As alternative plasmonic antenna design, the double nanohole (DNH) structure milled into a metal film has recently attracted much interest to realize an efficient platform to trap single nano-objects29,30,31 down to the ultimate single protein level32,33,34,35. The DNH design has a distinctive set of advantages: (i) the apex between the two holes directly realizes sharp radii of curvatures and nanometer gap sizes, providing high local intensity enhancement, (ii) the optically thick metal film efficiently screens out the background from the solution around the structure, (iii) heating effects are avoided thanks to the good thermal conductivity of the gold film and (iv) the structure remains relatively simple to fabricate as compared to bowtie antenna16,36, bowtie aperture37,38 or antenna-in-box28. These specific features make DNH highly relevant to enhance the detection of fluorescent molecules in concentrated solutions. Moreover, the quantification of the fluorescence enhancement factor in DNH is interesting for plasmon-enhanced luminescence applications and the measurement of the apex near-field volume is important to better understand the phenomenon leading to enhanced plasmonic trapping in DNH.
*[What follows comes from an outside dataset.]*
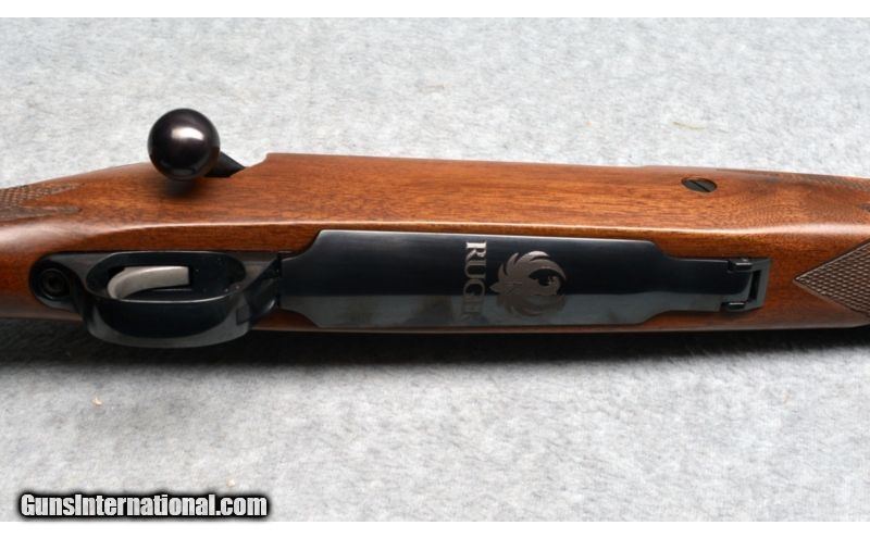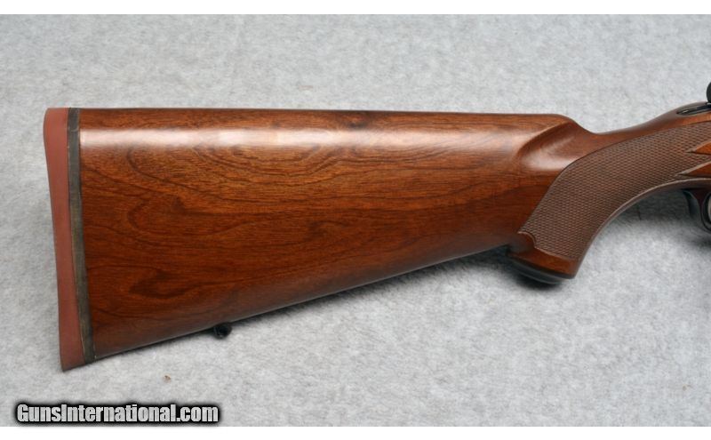 Description: This Ruger M77 Hawkeye is in like new condition. The wood is finished in a matte gloss and the metal on the rifle is deep blued. This would make an excellent choice for a big game hunter. SOLD Manufacturer: Newer production. Caliber Info: 6.5x55 Swedish Chambers: Repeating Bolt action Rifle. Metal Condition: Excellent with very little signs of use. Wood Condition: Excellent with very little signs of use. Bore Condition: Bright and shiny. Barrels: 24 Inch gloss blued barrel. Fold down rear sight and front blade sight with brass bead. Also has sling mount attached. Triggers: Adjustable single stage. Stock: Matte gloss checkered walnut. Stock Dimensions: 13 1/2 inch LOP. Fore End: Matte gloss checkered walnut. Butt Pad: Red Ruger recoil pad. Weight: 7 lbs. 8 ozs. Sights: Folding rear sight and front blade with brass bead. Item Location: Richfield, WI |

Here we use double nanohole structure with 25 nm gap to enhance the detection of single fluorescent molecules in solutions up to 20 μM concentration (Fig. 1a). Using fluorescence correlation spectroscopy (FCS), we measure the near-field apex volume to 70 zeptoliter, realizing a volume reduction of 7000-fold as compared to diffraction-limited confocal setups. This high intensity confinement goes with fluorescence enhancement up to 100-fold, together with microsecond transit time and single molecule sensitivity at concentrations exceeding 20 micromolar. We also conclusively demonstrate the acceleration of the fluorescence photodynamics in the nanometer apex region and report experimentally 30-fold enhancement of the local density of optical states (LDOS), in good agreement with numerical simulations. In all the experiments, the polarization-dependent response ensures that the relevant signal stems from the nanoscale apex area and not from the surrounding holes. The cutting-edge optical performance, the relative ease of nanofabrication and the efficient background screening make the DNH structure ideal to study complex biochemical dynamics at physiological concentrations.
Results
Zeptoliter volume with 100-fold fluorescence enhancement
The DNH structure is realized by focused ion beam milling of two 190 nm diameter nanoholes connected by an apex region of 60 nm length and 25 nm gap width (Fig. 1d). The DNH bears a clear polarization dependence (Fig. 1b,c): when the incoming light polarization is oriented parallel to the apex between the nanoholes, light is mainly concentrated in the gap region. Conversely, when the incoming light polarization is oriented perpendicular to the apex, there is a minimum intensity in the gap as light is mainly concentrated in the nanohole region. This behavior is confirmed by recording far-field transmission spectra using polarized illumination (Fig. 1e,f). When the orientation is set parallel to the apex, a minimum of transmission is found as the electromagnetic intensity is concentrated in the gap, whereas a maximum transmission is obtained for a polarization oriented perpendicular to the apex29. These findings are well reproduced by FDTD numerical simulations of the transmission spectra (Fig. 1f). Moreover, the recorded spectra show that the DNH response covers well the 633 nm laser excitation wavelength and the 650–690 nm fluorescence emission band for the Alexa Fluor 647 dye.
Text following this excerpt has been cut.